How tight should I make mesh heads on my electronic drum set? This is a really common question mostly asked by concerned novice drummers who are fearful of damaging their gear. This fear is very justified, since over-tightening and under-tightening can both be detrimental in different ways. That being said, there is a wide range of safe mesh tensions that will work.
If you are wondering how tight to make your mesh heads, this post can help. I will explain the dangers of overly tight or overly loose heads and how to find the sweet spot that is perfect for you and your playing style. Remember, although mesh heads are designed to emulate acoustic drum heads in some ways, they are still a different product and must be treated with knowledge and respect.
How Tight Should I Make Mesh Heads Without Breaking Them?
It is possible to over-tighten your heads and break them. Mesh is incredibly flexible and will stretch to a significant degree. However, it you continue to tighten the head too far, you may pull the mesh fabric out of the actual hoop and destroy the head. In all my years of running my drum shop, Bangkok Drum, I have only seen this once and it was done by a child who was playing on daddy’s drum kit. It is really hard to over tighten a mesh head so far as to break it, but it is possible, so be careful! The risk of this happening dramatically increases if you buy cheap mesh heads,!
Furthermore, some electronic drums have separately attached lugs instead of integrated lug screw holes in the base-plate of the pad, for example. Separate lugs on electronic drums are not typically designed for extreme tensioning either. It is possible that placing extreme tension on the head can cause the lug to break off the pad, which is worse than breaking the head itself. Once again, be careful!
Finally, super tight heads may not trigger perfectly. They might miss hits or less commonly, may double trigger some hits. This is especially true in cases where the trigger cone is not set to its optimal height in relation to the head or when the cone begins to show signs of age.
How Loose Should I Make Mesh Heads?
Ok, so super tight is not good. How about very loose? Well, this is just as bad. A very loose head will not respond well to play. It will not feel natural and will not trigger properly either. A floppy head will miss many hits, particular fast hits and soft hits. This will dramatically degrade your playing accuracy.

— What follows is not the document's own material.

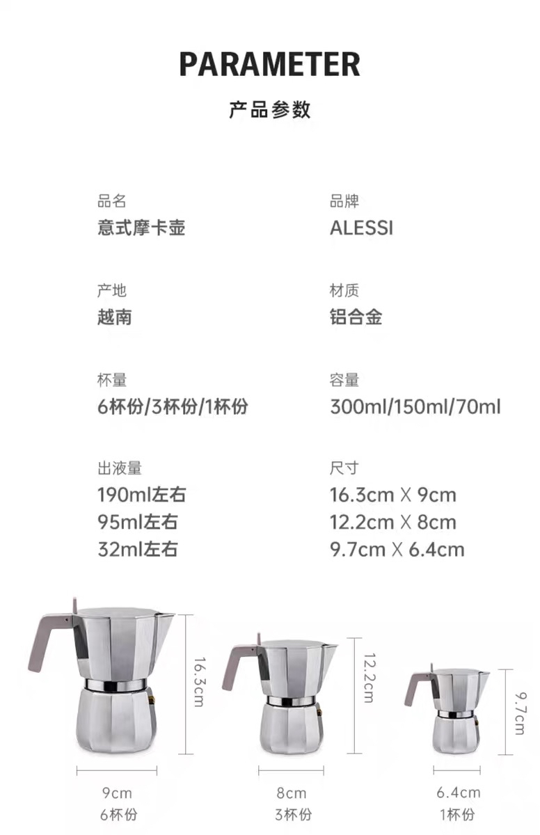 意大利Alessi摩卡壶单阀意式浓缩萃取壶户外煮咖啡壶手冲器具

Overly loose heads on pads with foam trigger cones will also put the cone in extreme danger of damage from direct hits. The mesh head is designed to move a small amount during a normal hit under optimal tension. This movement translates into the cone and provides amazing trigger accuracy. When the head is too loose, the cone actually takes the impact of the hit and will crush, split and degrade quickly.
I encounter many drummers who consider themselves “acoustic purists” and talk about how they love their mesh heads so loose, for a more “acoustic feel”. These people KNOW that overly loose heads will damage their gear, yet they proceed anyway. This is not a matter of NOT knowing, but instead a matter of stubbornness and ego. I usually meet these people when they bring me several pads that require repair and I see instantly that they caused the damage through their own ignorance…
So, How Much Mesh Head Tension is Correct?
Ok, so let’s talk what is right, instead of what’s wrong… LOL. Basically, the head should be firm and have tone, but should not be cranked so far as to make it like a table top or kitchen counter. This guidance provides a huge range of effective tuning! It is really up to you to find your own sweet spot. There is no narrow range that is optimal for every drummer. Just do not make your heads floppy and toneless (or even very low tone) and do not make them super taut and extremely high toned. Anywhere in the middle will be fine in most cases.
I like my heads tighter than many drummers, since I tend to play fast music and like the extra bounce I get. I also respect my gear and do not want to break it. By keeping my heads at a relatively high tension, I never damage my cones or cause uneven wear on the head. I do not make them uncomfortably tight. I just tune my snare a bit below where I would place my acoustic snare and my toms a bit less than that. I do maintain more tension on the smaller toms than the floor toms, simply for a realistic feel, but do not keep my floor toms loose ever.
In Thailand, an expensive drum set is almost the financial equivalent of buying a house for a Thai person. Literally. If you are lucky enough to live in a developed country where a nice drum set is easily acquired, then count your blessings! I have to make my gear last and last, so I treat it like a loved one and preserve it as much as I can. I respect my art and my instrument. I recommend you do too, even if money is not such a limiting factor for you.
I hope that this post helps you to understand how much tension to add to your mesh heads. If you do it right, your heads, and therefore your drums, will last for a very, very long time.